High Performance Guide

The performance bottleneck of UMI integration is output file compression. Parallel Gzip can be used on modern multi-processor, multi-core machines to significantly outclass the single-threaded compression that ships with umi-transfer.

We recommend using Unix FIFOs (First In, First Out buffered pipes) to combine umi-transfer and pigz on GNU/Linux and MacOS operating systems:

mkfifo read1.fastq
mkfifo read2.fastq
mkfifo read3.fastq

Assuming your compressed input files are called read1.fastq.gz and read2.fastq.gz and read3.fastq.gz, each can be linked to its respective FIFO like so:

$ pigz -dc read1.fastq.gz > read1.fastq &
[1] 233387
$ pigz -dc read2.fastq.gz > read2.fastq &
[2] 233388
$ pigz -dc read3.fastq.gz > read3.fastq &
[3] 233389

Note the trailing & to leave these processes running in the background. Since multi-threading is hardly helpful for decompression, you could also use zcat or gzip -dc instead of pigz -dc here.

We can inspect the directory with ls to list the compressed files and the created FIFOs:

$ ls -lh
total 1.5K
-rw-rw----. 1 alneberg ngisweden 4.5G Apr 13 12:18 read1.fastq.gz
-rw-rw----. 1 alneberg ngisweden 1.1G Apr 13 12:18 read2.fastq.gz
-rw-rw----. 1 alneberg ngisweden 4.5G Apr 13 12:18 read3.fastq.gz
prw-rw-r--. 1 alneberg ngisweden    0 Apr 13 12:46 read1.fastq
prw-rw-r--. 1 alneberg ngisweden    0 Apr 13 12:46 read2.fastq
prw-rw-r--. 1 alneberg ngisweden    0 Apr 13 12:46 read3.fastq

We continue to create FIFOs for the output files:

mkfifo output1.fastq
mkfifo output2.fastq

and set-up a multi-threaded pigz compression process each:

$ pigz -p 10 -c > output1.fastq.gz < output1.fastq &
[4] 233394
$ pigz -p 10 -c > output2.fastq.gz < output2.fastq &
[5] 233395

The argument -p 10 specifies the number of threads that each pigz processes may use. The optimal setting is hardware-specific and will require some testing.
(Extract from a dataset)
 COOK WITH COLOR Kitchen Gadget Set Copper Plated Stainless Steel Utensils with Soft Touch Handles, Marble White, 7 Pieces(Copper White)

Finally, we can then run umi-transfer using the FIFOs like so:

umi-transfer external --in read1.fastq --in2 read3.fastq --umi read2.fastq --out output1.fastq --out2 output2.fastq

It's good practice to remove the FIFOs after the program has finished:

rm read1.fastq read2.fastq read3.fastq output1.fastq output2.fastq

Contribution guide for developers

umi-transfer is a free and open-source software developed and maintained by scientists of the Swedish National Genomics Infrastructure. We gladly welcome suggestions for improvement, bug reports and code contributions.
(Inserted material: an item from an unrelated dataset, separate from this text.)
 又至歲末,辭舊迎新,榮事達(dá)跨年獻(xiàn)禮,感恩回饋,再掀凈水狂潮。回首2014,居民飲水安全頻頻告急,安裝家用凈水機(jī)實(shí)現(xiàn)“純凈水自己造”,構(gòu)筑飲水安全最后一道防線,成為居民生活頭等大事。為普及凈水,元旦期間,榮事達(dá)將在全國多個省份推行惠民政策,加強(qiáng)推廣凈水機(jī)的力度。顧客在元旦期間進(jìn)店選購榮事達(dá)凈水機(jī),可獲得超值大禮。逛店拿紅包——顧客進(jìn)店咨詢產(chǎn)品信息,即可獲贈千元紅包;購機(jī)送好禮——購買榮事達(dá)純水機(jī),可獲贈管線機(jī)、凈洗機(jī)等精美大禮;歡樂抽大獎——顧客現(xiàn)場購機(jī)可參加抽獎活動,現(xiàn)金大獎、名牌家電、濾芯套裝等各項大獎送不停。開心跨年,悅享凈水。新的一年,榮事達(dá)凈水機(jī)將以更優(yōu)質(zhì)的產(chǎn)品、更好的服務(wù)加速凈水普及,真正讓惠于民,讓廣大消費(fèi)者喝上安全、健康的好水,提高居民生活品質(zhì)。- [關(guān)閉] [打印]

If you'd like to contribute code, the best way to get started is to create a personal fork of the repository. Subsequently, use a new branch to develop your feature or contribute your bug fix. Ideally, use a code linter like rust-analyzer in your code editor and run the tests with cargo test.

Before developing a new feature, we recommend opening an issue on the main repository to discuss your proposal upfront. Once you're ready, simply open a pull request to the dev branch and we'll happily review your changes. Thanks for your interest in contributing to umi-transfer!